The Loop Newspaper - Tehachapi's Online Community News & Entertainment Guide

By Ed Gordon
contributing writer 

Beware of snakes while viewing trains

Train Talk

 

June 25, 2022

Photo provided

Pacific Rattler 35 feet from the Loop Monument.

Summer is here, school is out and it's time for rail fans to visit the Tehachapi Loop. Rail fans can enjoy views of the trains, but they must keep a safe distance and not go on railroad property.

Here in Tehachapi, the best places to view the trains are from the Platform along Woodford-Tehachapi road at the loop or downtown from the deck outside the Depot. You will see both BNSF and Union Pacific on the tracks. These tracks are owned by Union Pacific which has a zero tolerance trespassing policy. Trespassing is both illegal and dangerous.
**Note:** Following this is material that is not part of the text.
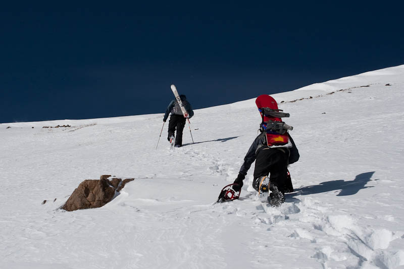 After a rest break and a little bit of sun exposure and heating, the snow got terrible for climbing. It rapidly softened, to the point that skinning or edging was impossible, with the top few inches sliding off an extremely hard layer underneath, hard to the point that my new BCA snow saw was having trouble with it.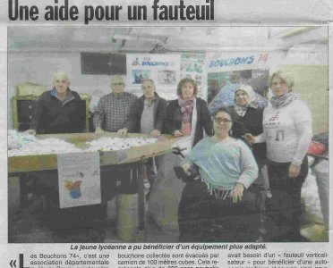 Article du Dauphiné Libéré en date du : 06/12/2018 ; Une aide pour un fauteuil

According to UP Public relations, "You can take all the pictures you want but we ask people to stay off the tracks and property so they can stay safe. The UP right of way is usually about 200 feet, stay 200 feet away from the tracks and you should be in the clear; plus to get a good shot of the train you probably want to be further back."
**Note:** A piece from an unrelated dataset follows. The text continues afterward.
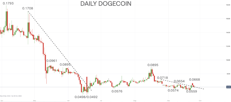 The intermediate-term bottoming effort that has been forming for DOGE from June was challenged by both the early and more latter September tests to mid-July support at 0.0576, then to the early September low at 0.0574, with last week’s push down to 0.0559. However, the recent rebound from 0.0559 up to 0.0668 saw a push up through both the 0.0654 swing resistance and also the tentative downtrend line from latter August.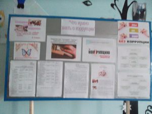 В рамках месячника по борьбе c коррупцией в школе был размещен информационный стенд по антикоррупционной деятельности, с набором инструктивно-методических писем по обеспечению соблюдения действующего законодательства .

Union Pacific, BNSF and local police remind people not to trespass on railroad property and may cite trespassers.

Some other things to remember are that freight trains do not travel on a predictable schedule. Be prepared to spend some time waiting. You should expect a train at every highway intersection and be aware that not all crossings are gated. Train tracks are private property and trains have the right of way 100% of the time over ambulances, fire engines, cars, police and pedestrians. A train car may extend 3 feet or more beyond the rail, so stay at least that distance from the side of the train to keep a safety zone.
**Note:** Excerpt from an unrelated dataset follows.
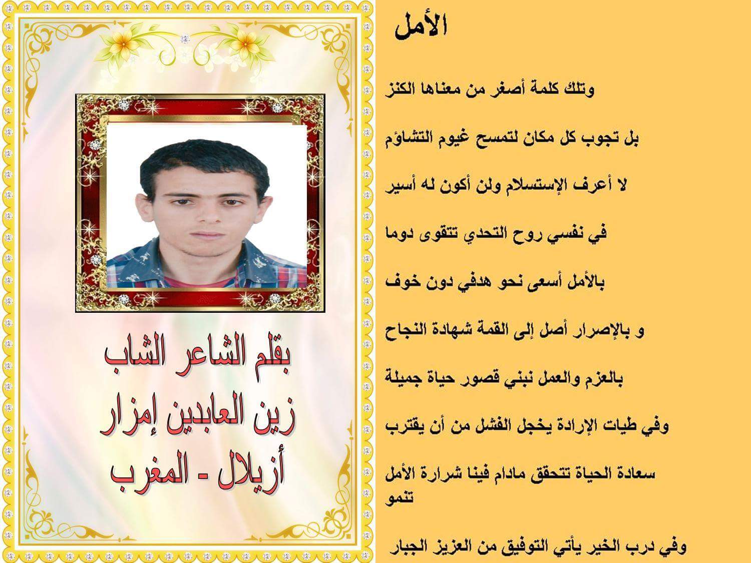 بقلم الشاعر الشاب زين العابدين إمزار . أزيلال –

Modern trains are much quieter than in the past. An approaching train will always be closer and moving faster than you think. Cross tracks only at designated pedestrian or roadway crossings. Observe and obey all warning signals.

Trains cannot stop quickly. That huge weight and size of the train and its speed dictate how quickly it can stop under ideal conditions. A 100-car freight train traveling at 55 miles per hour will need more than a mile to stop, that's about 18 football fields, once the train is set into emergency breaking.

It is also wise to beware of snakes this time of year. The Pacific Rattler is common in this area and venturing away from well-traveled areas near tunnels could be quite dangerous. Be particularly careful in the late evening hours in what would appear to be open areas. They enjoy the cool evening air.

The Tehachahpi Depot Museum is located at 101 W. Tehachapi Blvd. in Tehachapi.